--- DATA RECORDS ---
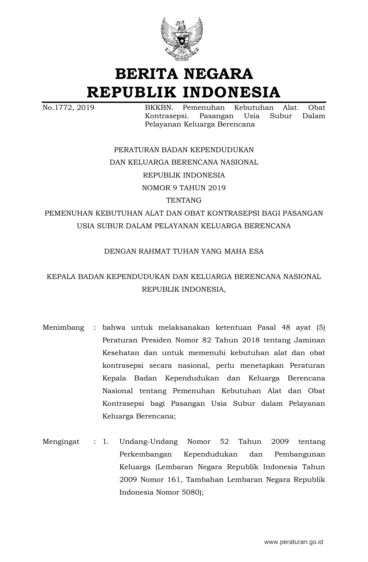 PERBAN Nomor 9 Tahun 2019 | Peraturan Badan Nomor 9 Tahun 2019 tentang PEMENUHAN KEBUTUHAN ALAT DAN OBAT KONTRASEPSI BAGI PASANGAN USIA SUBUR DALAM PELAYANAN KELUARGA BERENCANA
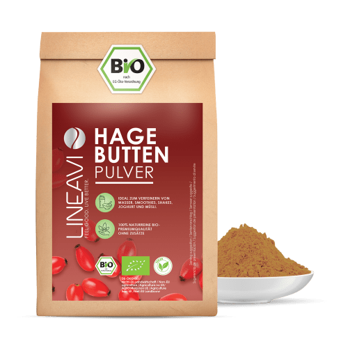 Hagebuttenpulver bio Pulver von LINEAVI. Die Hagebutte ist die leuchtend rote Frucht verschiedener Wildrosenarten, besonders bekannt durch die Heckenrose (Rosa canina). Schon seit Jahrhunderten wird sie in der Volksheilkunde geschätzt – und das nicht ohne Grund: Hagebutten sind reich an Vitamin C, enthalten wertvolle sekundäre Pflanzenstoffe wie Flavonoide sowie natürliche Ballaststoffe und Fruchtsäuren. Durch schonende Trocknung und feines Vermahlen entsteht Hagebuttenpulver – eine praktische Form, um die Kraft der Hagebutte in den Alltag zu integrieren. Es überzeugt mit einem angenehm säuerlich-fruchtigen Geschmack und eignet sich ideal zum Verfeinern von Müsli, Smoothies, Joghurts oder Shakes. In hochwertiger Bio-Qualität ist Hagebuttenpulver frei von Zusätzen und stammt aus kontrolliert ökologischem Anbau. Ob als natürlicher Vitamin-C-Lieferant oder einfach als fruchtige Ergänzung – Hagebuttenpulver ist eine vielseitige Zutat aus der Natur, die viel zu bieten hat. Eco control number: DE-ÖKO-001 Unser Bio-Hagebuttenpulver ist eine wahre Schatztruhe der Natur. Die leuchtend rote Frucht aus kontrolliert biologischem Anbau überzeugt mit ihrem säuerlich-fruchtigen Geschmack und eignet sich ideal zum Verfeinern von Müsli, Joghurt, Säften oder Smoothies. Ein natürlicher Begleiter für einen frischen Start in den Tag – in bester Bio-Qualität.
---
--- DATA RECORDS ---
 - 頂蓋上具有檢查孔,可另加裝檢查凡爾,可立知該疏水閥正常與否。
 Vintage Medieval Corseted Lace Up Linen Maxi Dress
---
--- DATA RECORDS ---
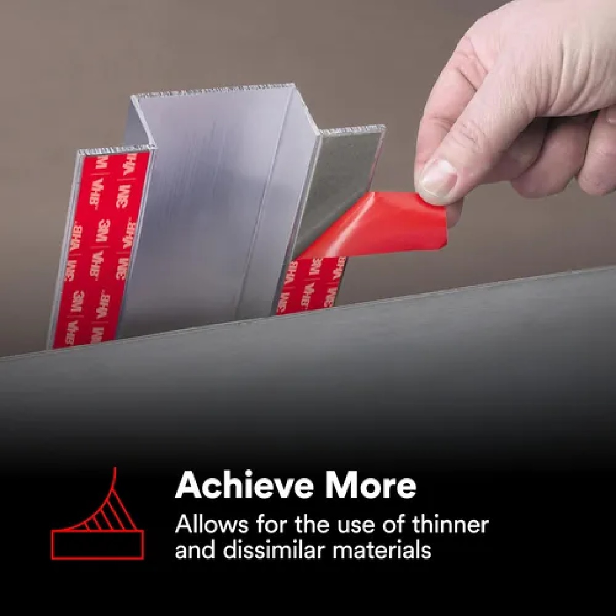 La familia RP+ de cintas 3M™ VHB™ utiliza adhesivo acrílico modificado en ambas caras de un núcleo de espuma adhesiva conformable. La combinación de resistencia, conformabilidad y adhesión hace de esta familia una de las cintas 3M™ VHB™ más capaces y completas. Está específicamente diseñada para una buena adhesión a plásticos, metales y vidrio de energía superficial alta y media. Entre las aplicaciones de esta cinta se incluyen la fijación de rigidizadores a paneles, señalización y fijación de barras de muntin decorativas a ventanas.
---
▶ _EXERCISE PROMPT_
Among the records above, extract exactly the lines from the line with "- 頂蓋上具有檢查孔,可另加裝檢查凡爾,可立知該疏水閥正常與否。" to the line with "Vintage Medieval Corseted", both lines included, and leave out the rest.

▶ _SOLUTION FOR THIS EXERCISE_
 - 頂蓋上具有檢查孔,可另加裝檢查凡爾,可立知該疏水閥正常與否。
 Vintage Medieval Corseted Lace Up Linen Maxi Dress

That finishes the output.